Problem to work on - Would you print the lines below exactly, beginning at the line that has "Allez dans Tableau" and stopping after the line that has "Esta sensación de"? Only those lines, and no pictures.

*** Supplied records ***

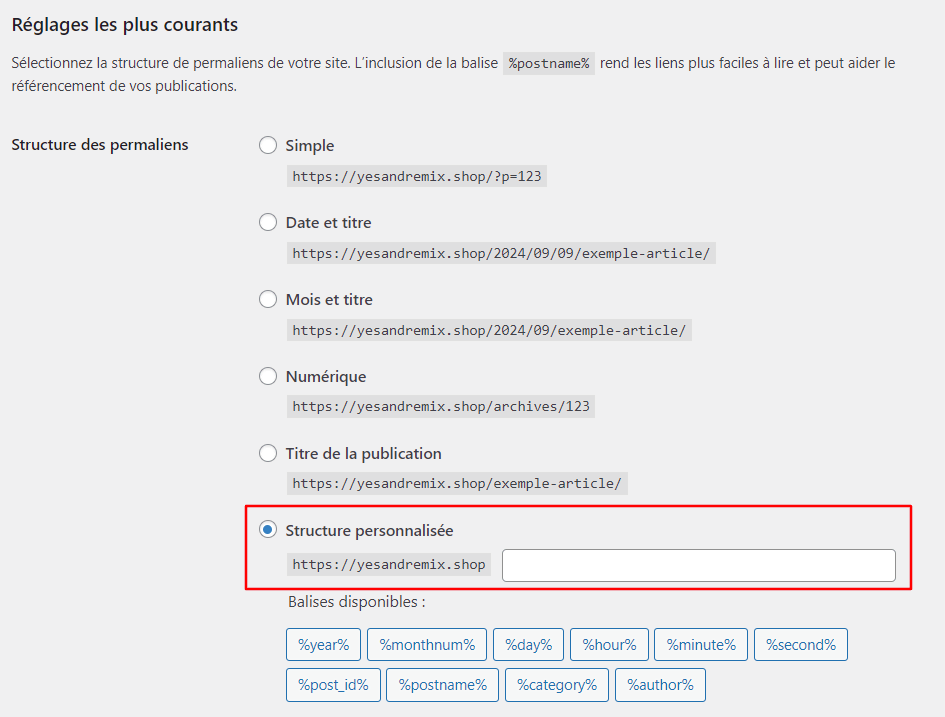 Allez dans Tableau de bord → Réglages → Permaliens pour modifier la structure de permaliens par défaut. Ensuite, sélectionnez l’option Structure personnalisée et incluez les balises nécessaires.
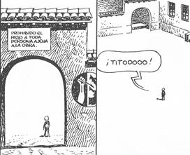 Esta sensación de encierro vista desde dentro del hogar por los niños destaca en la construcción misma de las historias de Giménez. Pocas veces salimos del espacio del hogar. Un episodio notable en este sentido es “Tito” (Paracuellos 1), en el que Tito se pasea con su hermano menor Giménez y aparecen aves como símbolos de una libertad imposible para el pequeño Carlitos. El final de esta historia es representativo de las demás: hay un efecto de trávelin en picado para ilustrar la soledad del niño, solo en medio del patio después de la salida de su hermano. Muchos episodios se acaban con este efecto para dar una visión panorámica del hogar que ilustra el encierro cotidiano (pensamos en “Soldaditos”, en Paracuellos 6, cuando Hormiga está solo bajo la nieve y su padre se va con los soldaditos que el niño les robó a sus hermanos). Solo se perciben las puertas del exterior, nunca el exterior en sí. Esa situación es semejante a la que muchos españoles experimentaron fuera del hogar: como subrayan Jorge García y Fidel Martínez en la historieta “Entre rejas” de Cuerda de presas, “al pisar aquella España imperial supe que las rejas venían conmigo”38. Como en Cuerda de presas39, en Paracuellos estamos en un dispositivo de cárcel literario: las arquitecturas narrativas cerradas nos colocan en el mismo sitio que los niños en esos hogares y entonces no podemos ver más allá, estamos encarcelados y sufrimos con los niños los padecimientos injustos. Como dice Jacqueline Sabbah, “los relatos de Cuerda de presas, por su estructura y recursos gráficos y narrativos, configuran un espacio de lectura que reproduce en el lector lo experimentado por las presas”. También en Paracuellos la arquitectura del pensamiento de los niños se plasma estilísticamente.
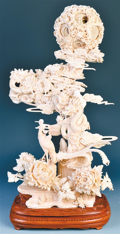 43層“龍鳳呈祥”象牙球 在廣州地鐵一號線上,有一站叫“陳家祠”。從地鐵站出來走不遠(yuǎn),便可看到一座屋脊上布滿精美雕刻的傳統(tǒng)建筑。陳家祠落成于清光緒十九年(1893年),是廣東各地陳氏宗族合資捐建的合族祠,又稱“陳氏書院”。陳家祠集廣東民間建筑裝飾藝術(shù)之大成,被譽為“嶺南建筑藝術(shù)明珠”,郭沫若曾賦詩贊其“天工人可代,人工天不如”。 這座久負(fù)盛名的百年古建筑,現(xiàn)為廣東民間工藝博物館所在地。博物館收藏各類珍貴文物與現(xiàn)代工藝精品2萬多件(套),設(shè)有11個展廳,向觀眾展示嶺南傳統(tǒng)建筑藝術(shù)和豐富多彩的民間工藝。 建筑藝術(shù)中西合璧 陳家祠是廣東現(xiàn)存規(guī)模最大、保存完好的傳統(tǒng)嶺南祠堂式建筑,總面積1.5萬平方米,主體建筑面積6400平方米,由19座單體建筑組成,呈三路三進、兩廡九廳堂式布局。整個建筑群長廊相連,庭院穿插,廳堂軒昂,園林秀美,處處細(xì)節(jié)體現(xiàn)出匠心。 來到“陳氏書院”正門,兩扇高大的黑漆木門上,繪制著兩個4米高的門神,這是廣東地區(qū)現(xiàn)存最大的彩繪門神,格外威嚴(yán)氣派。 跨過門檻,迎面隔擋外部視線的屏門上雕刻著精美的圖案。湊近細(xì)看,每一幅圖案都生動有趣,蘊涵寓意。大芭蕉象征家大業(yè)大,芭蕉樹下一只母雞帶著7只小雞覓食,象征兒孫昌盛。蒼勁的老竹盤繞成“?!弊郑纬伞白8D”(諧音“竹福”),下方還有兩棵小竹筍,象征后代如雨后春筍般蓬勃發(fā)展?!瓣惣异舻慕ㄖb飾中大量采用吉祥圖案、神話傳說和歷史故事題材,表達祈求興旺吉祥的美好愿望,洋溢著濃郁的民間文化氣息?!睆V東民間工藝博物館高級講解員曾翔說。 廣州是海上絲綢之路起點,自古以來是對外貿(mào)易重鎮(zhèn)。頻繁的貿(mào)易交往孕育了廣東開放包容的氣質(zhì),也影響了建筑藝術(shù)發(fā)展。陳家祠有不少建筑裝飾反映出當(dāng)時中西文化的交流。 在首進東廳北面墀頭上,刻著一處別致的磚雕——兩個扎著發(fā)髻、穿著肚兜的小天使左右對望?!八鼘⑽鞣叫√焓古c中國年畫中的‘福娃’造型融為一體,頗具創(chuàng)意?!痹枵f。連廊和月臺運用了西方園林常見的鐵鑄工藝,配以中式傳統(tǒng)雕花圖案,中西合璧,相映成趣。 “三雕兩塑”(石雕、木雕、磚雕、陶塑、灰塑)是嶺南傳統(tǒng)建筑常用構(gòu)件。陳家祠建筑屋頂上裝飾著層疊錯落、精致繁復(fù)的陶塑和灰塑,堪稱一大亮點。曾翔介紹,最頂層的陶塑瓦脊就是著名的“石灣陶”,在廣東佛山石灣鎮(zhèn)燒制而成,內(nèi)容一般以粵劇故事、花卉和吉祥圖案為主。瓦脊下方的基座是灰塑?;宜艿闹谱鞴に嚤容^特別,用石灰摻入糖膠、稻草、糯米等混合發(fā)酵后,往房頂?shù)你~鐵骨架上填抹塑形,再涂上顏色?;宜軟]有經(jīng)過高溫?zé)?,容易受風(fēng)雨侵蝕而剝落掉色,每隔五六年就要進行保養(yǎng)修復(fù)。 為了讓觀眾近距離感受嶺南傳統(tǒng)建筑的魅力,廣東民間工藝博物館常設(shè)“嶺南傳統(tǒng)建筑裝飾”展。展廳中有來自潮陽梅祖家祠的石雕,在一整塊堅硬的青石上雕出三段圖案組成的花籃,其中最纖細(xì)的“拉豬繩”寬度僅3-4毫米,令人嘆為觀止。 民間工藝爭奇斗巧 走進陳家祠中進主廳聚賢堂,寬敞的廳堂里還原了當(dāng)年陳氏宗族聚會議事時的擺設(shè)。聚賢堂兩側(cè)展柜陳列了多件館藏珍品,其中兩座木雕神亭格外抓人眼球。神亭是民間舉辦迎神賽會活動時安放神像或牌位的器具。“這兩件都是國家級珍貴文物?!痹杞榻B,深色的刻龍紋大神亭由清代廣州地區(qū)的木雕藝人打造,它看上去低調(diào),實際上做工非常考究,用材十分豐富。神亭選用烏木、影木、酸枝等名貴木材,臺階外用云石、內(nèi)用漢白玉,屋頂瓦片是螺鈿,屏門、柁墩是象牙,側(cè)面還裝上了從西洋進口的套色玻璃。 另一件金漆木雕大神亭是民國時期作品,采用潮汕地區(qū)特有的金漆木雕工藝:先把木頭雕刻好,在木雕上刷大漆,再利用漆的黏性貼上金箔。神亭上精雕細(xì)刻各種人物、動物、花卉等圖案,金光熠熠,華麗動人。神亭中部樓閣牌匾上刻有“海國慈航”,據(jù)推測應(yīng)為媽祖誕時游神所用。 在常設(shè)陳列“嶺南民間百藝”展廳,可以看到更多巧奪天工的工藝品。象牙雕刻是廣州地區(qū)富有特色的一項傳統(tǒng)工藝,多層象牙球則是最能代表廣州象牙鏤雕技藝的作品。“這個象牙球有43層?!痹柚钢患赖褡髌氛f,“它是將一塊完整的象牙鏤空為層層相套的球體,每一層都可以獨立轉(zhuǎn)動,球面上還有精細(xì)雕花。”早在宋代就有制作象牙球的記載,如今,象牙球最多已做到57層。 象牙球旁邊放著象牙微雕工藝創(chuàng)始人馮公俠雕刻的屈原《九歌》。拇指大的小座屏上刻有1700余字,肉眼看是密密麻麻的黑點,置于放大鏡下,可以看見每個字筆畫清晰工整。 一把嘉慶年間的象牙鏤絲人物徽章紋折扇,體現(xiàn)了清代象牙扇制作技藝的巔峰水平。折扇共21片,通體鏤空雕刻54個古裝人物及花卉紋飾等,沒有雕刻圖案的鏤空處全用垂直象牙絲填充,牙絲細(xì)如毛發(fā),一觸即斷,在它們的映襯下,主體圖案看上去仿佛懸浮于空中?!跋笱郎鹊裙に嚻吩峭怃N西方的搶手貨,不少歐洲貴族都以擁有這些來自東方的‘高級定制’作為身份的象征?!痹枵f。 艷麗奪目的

*** End of Supplied records ***
*** Supplied records ***

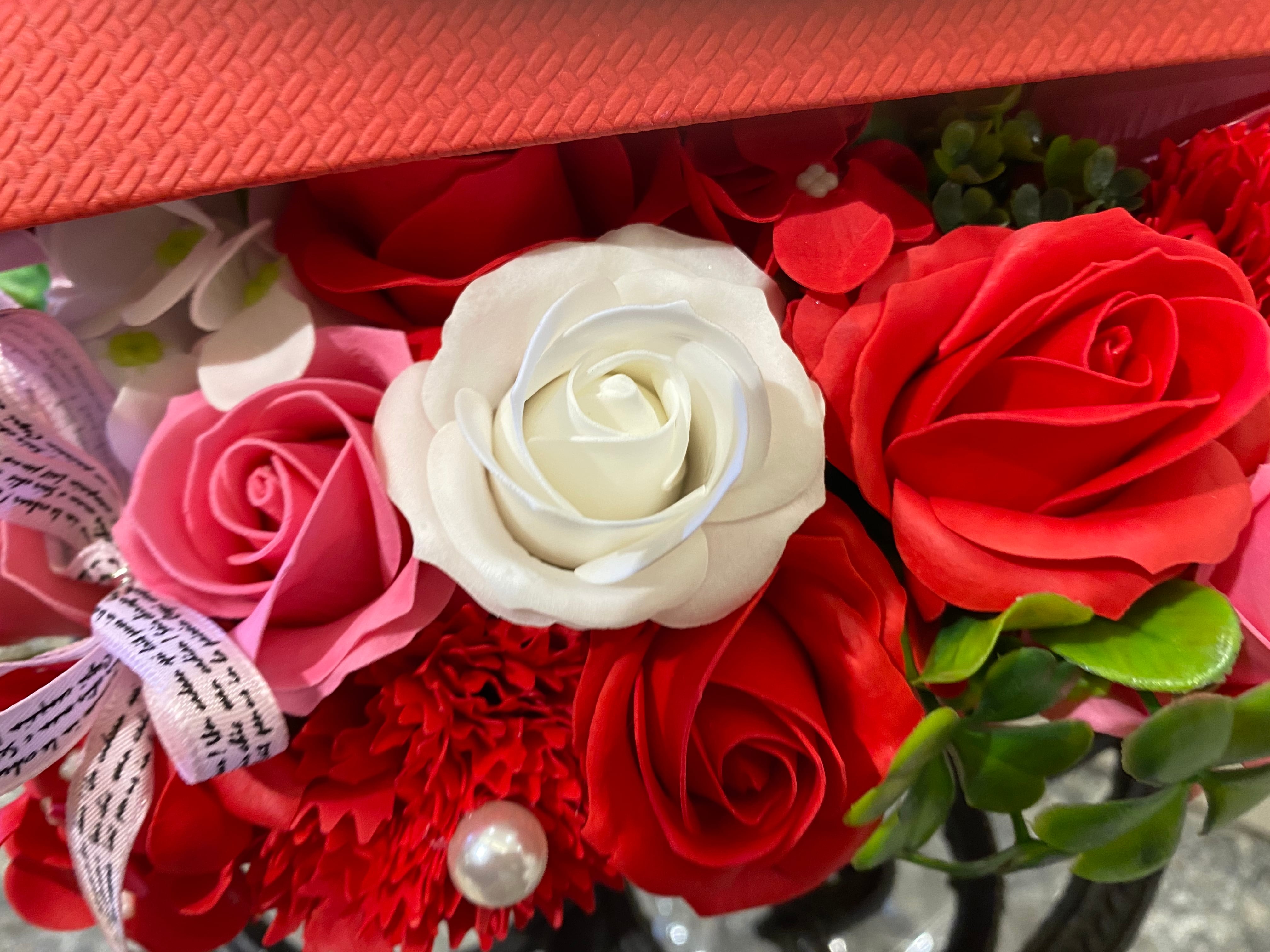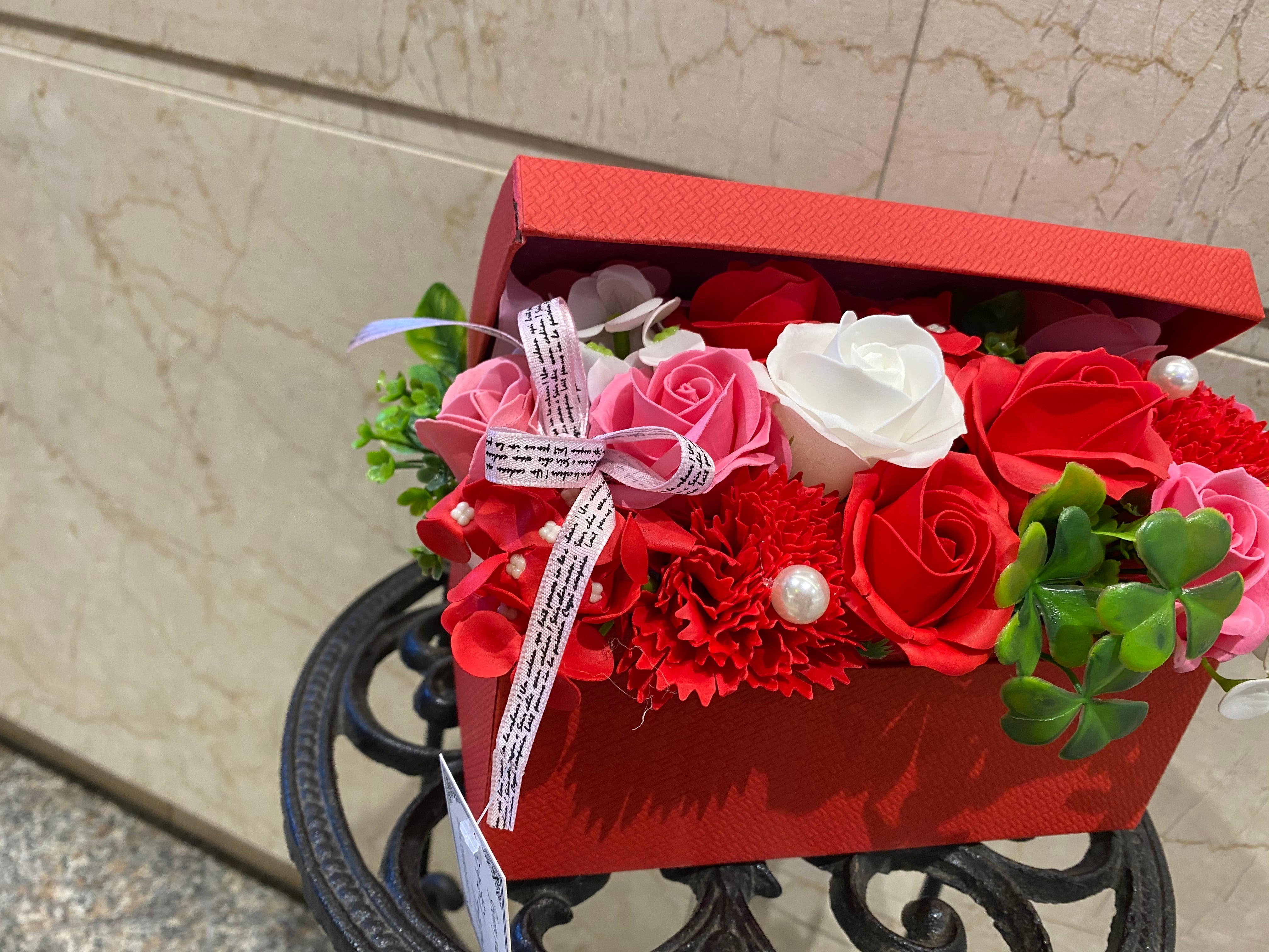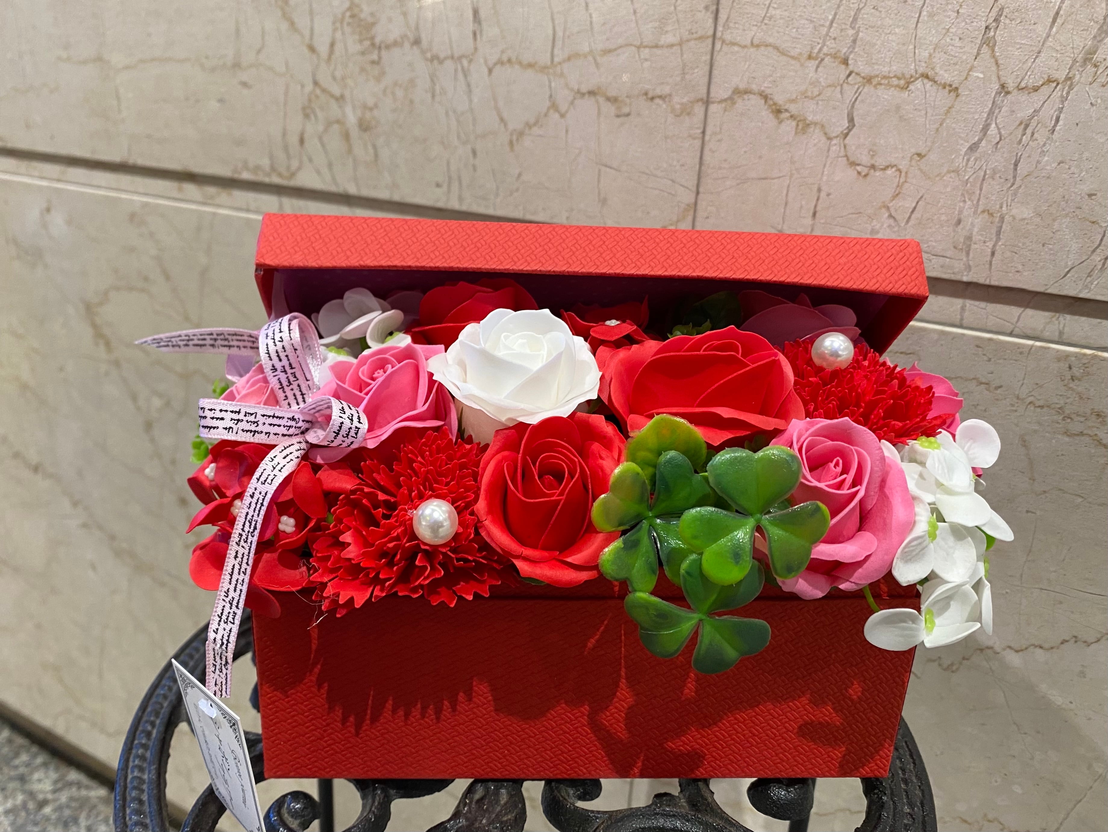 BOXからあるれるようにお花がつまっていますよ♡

*** End of Supplied records ***

Exercise response -
 Allez dans Tableau de bord → Réglages → Permaliens pour modifier la structure de permaliens par défaut. Ensuite, sélectionnez l’option Structure personnalisée et incluez les balises nécessaires.
 Esta sensación de encierro vista desde dentro del hogar por los niños destaca en la construcción misma de las historias de Giménez. Pocas veces salimos del espacio del hogar. Un episodio notable en este sentido es “Tito” (Paracuellos 1), en el que Tito se pasea con su hermano menor Giménez y aparecen aves como símbolos de una libertad imposible para el pequeño Carlitos. El final de esta historia es representativo de las demás: hay un efecto de trávelin en picado para ilustrar la soledad del niño, solo en medio del patio después de la salida de su hermano. Muchos episodios se acaban con este efecto para dar una visión panorámica del hogar que ilustra el encierro cotidiano (pensamos en “Soldaditos”, en Paracuellos 6, cuando Hormiga está solo bajo la nieve y su padre se va con los soldaditos que el niño les robó a sus hermanos). Solo se perciben las puertas del exterior, nunca el exterior en sí. Esa situación es semejante a la que muchos españoles experimentaron fuera del hogar: como subrayan Jorge García y Fidel Martínez en la historieta “Entre rejas” de Cuerda de presas, “al pisar aquella España imperial supe que las rejas venían conmigo”38. Como en Cuerda de presas39, en Paracuellos estamos en un dispositivo de cárcel literario: las arquitecturas narrativas cerradas nos colocan en el mismo sitio que los niños en esos hogares y entonces no podemos ver más allá, estamos encarcelados y sufrimos con los niños los padecimientos injustos. Como dice Jacqueline Sabbah, “los relatos de Cuerda de presas, por su estructura y recursos gráficos y narrativos, configuran un espacio de lectura que reproduce en el lector lo experimentado por las presas”. También en Paracuellos la arquitectura del pensamiento de los niños se plasma estilísticamente.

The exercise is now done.